Investing in new pharmacy and drug technology is a hot topic. Technology is meeting demand, but at a high financial cost. The question for plan sponsors is where to lean in and where to slow-walk coverage. One area of smart investment is type 1 diabetes, provided there is sound clinical logic and meaningful potential benefit behind the technology. The opportunity to reduce downstream medical costs is significant and may justify the risk of investing in solutions that do not ultimately produce a perfect return. Recent research supports this approach. Adults with type 1 diabetes using a continuous glucose monitor paired with a smart insulin pen achieved substantially higher time in range when they responded consistently to missed dose and high glucose alerts.
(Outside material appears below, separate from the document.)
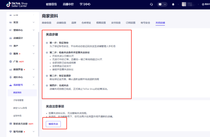 2TikTok Shop店铺关闭流程

Participants who responded to alerts 75% to 100% of the time had time-in-range levels between 67% and 72%, compared with 43% to 50% among those who responded 25% of the time or less (Laurenzi et al., 2025). Improved time in range is strongly associated with better glycemic control and fewer complications. For employers and risk-bearing organizations, targeted investment in clinically sound diabetes technology may lower long-term costs and improve outcomes, making the potential benefits outweigh the risks.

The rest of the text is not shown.